In five minutes, in a calm voice she tells you what will happen with your life in the next decade. She foretells misfortune, foreign travel, money, or marital infidelity.
At times, when the deck of cards sends a message, she sheds a tear. Luisa is an artist in her work. If “death” is whispered in the ear of the one whose future she is currently consulting, she changes her voice like a ventriloquist.
This genuine Havanan was born one rainy night in 1959 in the poor neighborhood of Carraguao, in the municipality of Cerro. Before discovering her ability to diagnose cancer or a stroke of luck by simply looking at a person’s eyes, she worked in a textile factory on the outskirts of Havana.
Her life would make a bitter and realistic novel. Like those of Pedro Juan Gutierrez. She was a laborer and a militia member. And also a prostitute. She always searched out the money that would allow her to feed her children.
In the special period — that economic, material, and values crisis that has now lasted 22 years — her eldest daughter, knowing her mother’s abilities to “see things,” proposed that she seriously take up palmistry and fortune telling.
She read ten or twelve old books on those subjects. By means of the illegal cable antenna, she observed the modus operandi of Walter Mercado, the king of astral horoscopes and predictions in the southern United States.
A friend who practiced Santeria taught her to throw santera snail shells and various tricks for extracting information from people.
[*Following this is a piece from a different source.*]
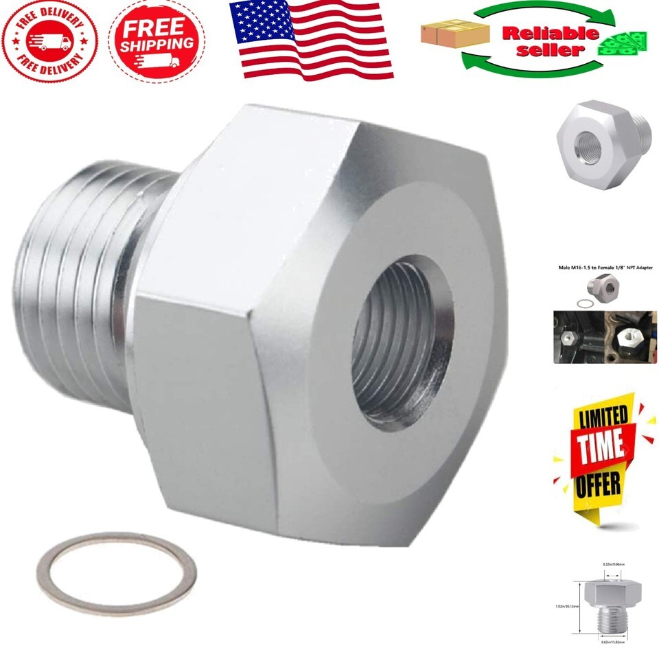 High-Quality LS Swap Oil Pressure Sensor Adapter for All GM LS Engines 4.2L-6.2L ? ? ? ? ? ? ? ? ? ? ? ? ? ? ? ? High-Quality LS Swap Oil Pressure Sensor Adapter Designed for All GM LS Engines 4.2L-6.2L Features: Compatible with all GM LS Series Engines Precision threads that ensure a perfect seal without leaks Manufactured from high-quality aluminum for excellent oxidation and corrosion resistance Durable construction that performs reliably under pressure Male M16-1.5 and Female 1/8" NPT fittings for versatile installation options 1/8" NPT taper pipe thread port in the rear for common sensors or plumbing fittings Robust wall thickness at the base of the male threads preventing cracking or breakage Installs typically at the top-rear or front-driver side of the engine block Seals securely to the block with a sealing washer for added reliability Package Includes: 1 Adapter 1 Sealing Washer Why Choose This LS Oil Pressure Sensor Adapter? When it comes to your engine, precision and reliability are non-negotiable. This High-Quality LS Swap Oil Pressure Sensor Adapter is crafted from materials to ensure long-lasting performance and a perfect fit for your GM LS engine?whether it?s the powerful LS1, LS3, or LSX models. The thoughtful design includes precision threads to eliminate leaks, while the sturdy construction ensures that it can withstand the demands of your engine's pressurized oil systems. Whether you are fitting a mechanical oil pressure gauge or accessing your engine?s oil flow, this adapter will meet and exceed your expectations. Elevate your engine swap experience with our oil pressure sensor adapter ? crafted for enthusiasts who demand the best. Order yours today for a flawless fit and unbeatable performance! Shipping Free Fast Shipping - We offer free shipping to most of the USA with a normal delivery time of 3-7 days. However, due to the current situation, additional delivery time (up to 3 weeks) may be required for some items. Alternative Carriers - We may use alternative carriers (e.g. USPS, FedEx, UPS, etc.) to ensure your package arrives safely and on time. Due to the use of multiple carriers, we are unable to provide a tracking number automatically. Handling Time - Orders are processed and shipped within 1-2 business days of receiving cleared payment. Shipping Restrictions - Shipping to Alaska, Hawaii, Puerto Rico, Guam, and other US territories may incur shipping charges or delivery restrictions. Please contact us before ordering, or your order can be refunded/cancelled. State Restrictions - There may be restrictions based on your state of purchase. For example, certain items may not be shipped to California due to state regulations. Contact for Tracking Updates - If you require tracking updates or have any concerns about the delivery of your order, please feel free to contact us, and we will be happy to assist you. Return 30-Day Hassle-Free Returns - We want you to be completely satisfied with your purchase. If you are not, you can return the item within 30 days of receiving it for a full refund or exchange. Easy Return Process - To start a return, simply contact us and we will provide you with a prepaid return shipping label and detailed instructions. Restocking Fee - There are no restocking fees for returns. However, the buyer is responsible for return shipping costs if the return is not due to a seller's error. Refund Processing Time - Refunds will be processed within 5 business days of receiving the returned item in its condition. Payment We accept all major credit cards, PayPal, and Apple Pay for your convenience. Your payment information is secure and encrypted to ensure a safe and seamless transaction. Please complete your payment within 3 days of purchase to avoid any delays in shipping. Feedback Your feedback is extremely important to us. We strive to provide the best products and customer service possible. If you are satisfied with your purchase, please take a moment to leave us a positive review. If you have any concerns or issues with your order, please contact us before leaving negative feedback. We are committed to resolving any problems and ensuring your satisfaction. Contact Us If you have any questions or concerns, please feel free to out to our customer support team. You can contact us through the messaging system. We are available Monday to Friday, 9:00 am to 5:00 pm EST, and we will do our best to respond to your inquiry within 24 hours. Buy it now and enjoy a pleasant shopping experience! Placement on Vehicle: Engine Compartment Features: Easy Installation,Durable,Built to seal without leaking Terminal Type: None Items Included: Mounting Hardware,1 adapter,1 sealing washer Material: Aluminum Mounting Style: Flange Mount Type: Adapter Sensor Type: None Wire Quantity: None Number of Sensors: None Item Weight: 0.02 kilograms Thread Diameter: M16 1.5 Item Diameter: 0.98 inches Connector Type: Male Connector Color: None Hex Size: None

When she was ready, she began to prophesy the fate of bystanders in various city streets. In Cuba, where the future is tomorrow and the most immediate plans are those made for the weekend, people like her, able to foresee the future, will always have success guaranteed.
Some days she works ten hours. After listening to the predictions, some end up laughing, others crying. But Luisa always returns to her room in a dilapidated tenement, with the pockets of her wide skirt full of five-peso notes, the price charged for each streetside consultation.
“Every day I look for between 100 and 200 pesos (5 to 10 dollars). I return home very tired. I fall into bed like a stone. People to whom I have predicted a trip abroad, and it happens, locate me and then give me money or clothes, telling me, “Madam, you were right, I am now living in that country. I am grateful to you,” says Luisa.
Since February 2011, she has had a license as a self-employed worker. She pays 65 pesos a month. She claims her forte is predicting death.
“Out of ten cases that I prophesy it, nine die. Sometimes out of pity I don’t tell them.” Two months ago, she told a neighbor that he would die in two weeks. “A few days later, he came to me: ’Luisa, you were wrong, I’m still alive.’ I looked into his eyes and knew he had but a few hours left, I preferred to keep quiet. The next morning he died of a heart attack. The trouble is that a fortuneteller cannot predict her own future.”
Photo: One of the fortune tellers who casts cards for tourists in Old Havana, although she is shown here with one of the many girls who dress as folklore characters for their 15th-birthday photos.